November 2, 2015 3:15 PM
PR Newswire

DALLAS, Nov. 2, 2015 /PRNewswire/ — Alon USA Partners, LP (NYSE: ALDW) (“Alon Partners”) today announced results for the third quarter of 2015. Net income for the third quarter of 2015 was $53.8 million, or $0.86 per unit, compared to $77.0 million, or $1.23 per unit, for the same period last year. Net income for the first nine months of 2015 was $149.7 million, or $2.39 per unit, compared to $127.0 million, or $2.03 per unit, for the same period last year.

The Board of Directors of Alon USA Partners GP, LLC, the general partner of Alon Partners, declared a cash distribution for the third quarter of 2015 of $0.98 per unit payable on November 25, 2015 to common unitholders of record at the close of business on November 18, 2015, based on cash available for distribution of $61.3 million.

Paul Eisman, President and CEO, commented, “We are pleased with our strong results, which resulted in cash available for distribution of $0.98 per unit in the third quarter of 2015. In the last four quarters, we have generated total cash available for distribution of $3.43 per unit.

“The Big Spring refinery capitalized on a robust crack spread environment during the third quarter of 2015 to generate solid margins. The refinery ran well during the quarter, achieving total throughput of almost 76,000 barrels per day. Despite unfavorable Midland crude differentials, Big Spring generated a refinery operating margin of $16.71 per barrel. The refinery also achieved low direct operating expense of $3.46 per barrel. Our results benefited from a strong wholesale marketing environment driven by a robust gasoline market. During the quarter, our wholesale marketing business sold on average approximately 3,800 barrels per day of gasoline into the Phoenix market.

“We expect total throughput at the Big Spring refinery to average approximately 75,000 barrels per day for the fourth quarter of 2015.

“While strong financial results are an important driver of unitholder value, we are also focused on unlocking the value embedded in our assets. We are continuing work on a number of capital projects which will enhance the profitability of the partnership. In addition, we have identified $37 million in existing logistics EBITDA at Alon Partners as discussed in the detail below. We are committed to realizing value from these assets, which we believe are undervalued in our current structure.”

STRATEGIC UPDATE – LOGISTICS

Alon Partners has identified approximately $37 million in existing logistics EBITDA associated with the Big Spring refinery and wholesale marketing business as shown in the table below.

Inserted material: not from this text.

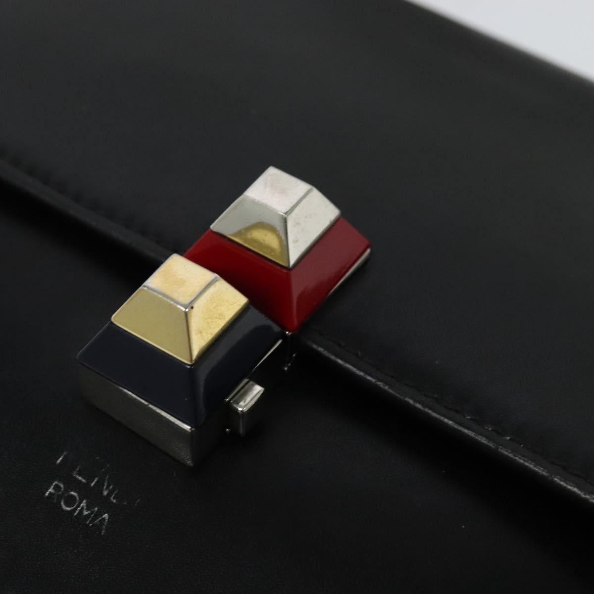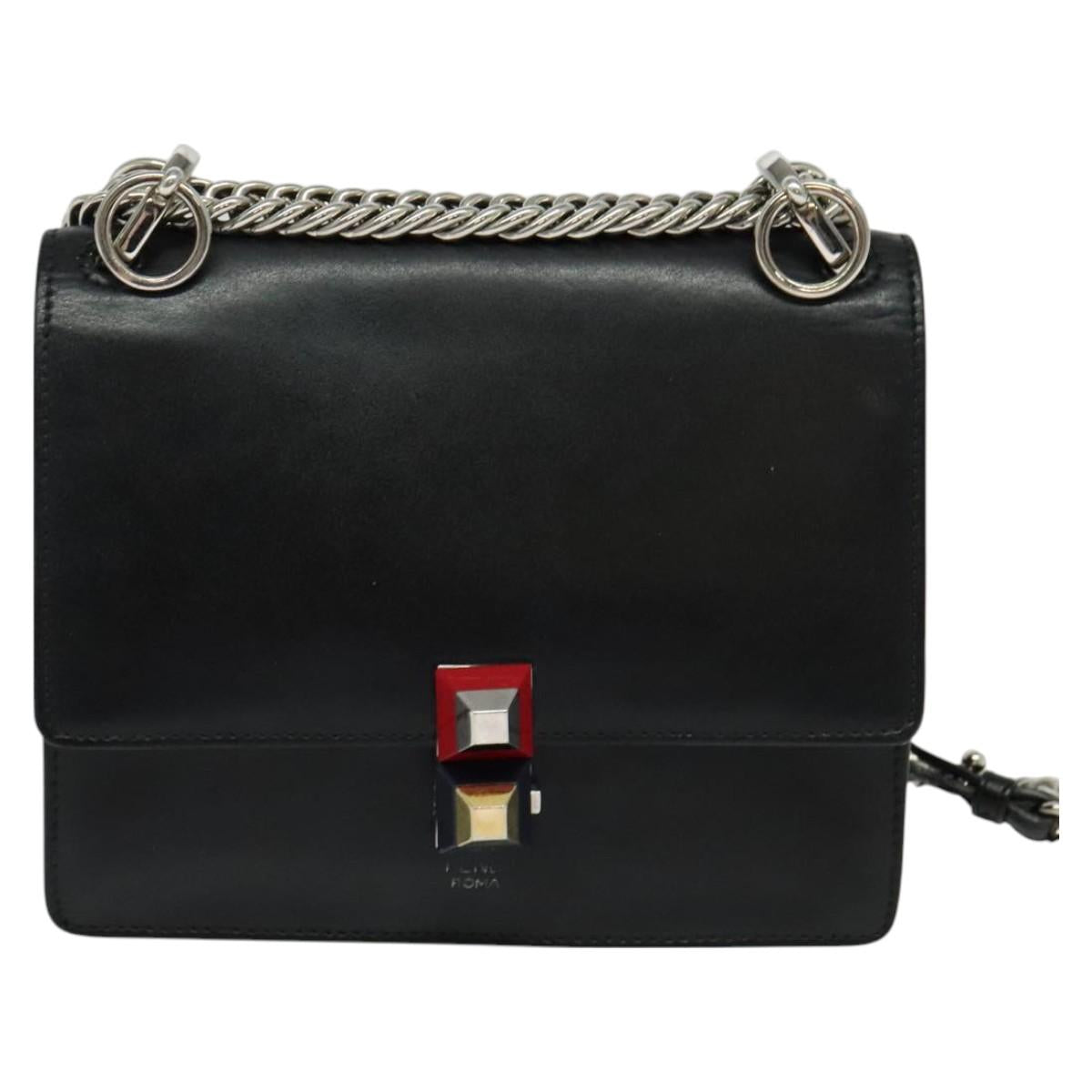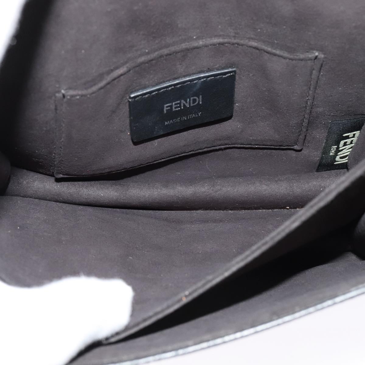 FENDI Canai Chain Shoulder Bag Leather Black Silver Auth bs26937

Logistics master limited partnerships (MLPs) continue to trade at a premium to independent refiners and refining MLPs, implying that these assets are undervalued in Alon Partners’ current structure. The management team is committed to realizing the value of these logistics assets for Alon Partners’ unitholders.

Existing Logistics Assets

Assumed Utilization

Estimated Annual EBITDA

(dollars in thousands)

Wholesale marketing business

75,000 bpd

$

24,000

Crude and product storage*

2.56 MMBbls

9,000

Other assets (rail and truck racks, product rack, pipelines, salt wells, etc.)

4,000

Total Alon USA Partners Logistics EBITDA

$

37,000

*     Represents shell capacity.

THIRD QUARTER 2015

Refinery operating margin was $16.71 per barrel for the third quarter of 2015 compared to $19.98 per barrel for the same period in 2014. This decrease in operating margin was primarily due to the less favorable industry margin environment. The unfavorable contraction in the WTI Cushing to WTI Midland and the WTI Cushing to WTS spreads was greater than the improvement in the Gulf Coast 3/2/1 spread and the cost of crude benefit from the market moving from backwardation into contango. The Big Spring refinery average throughput for the third quarter of 2015 was 75,797 barrels per day (“bpd”) compared to 74,838 bpd for the same period in 2014.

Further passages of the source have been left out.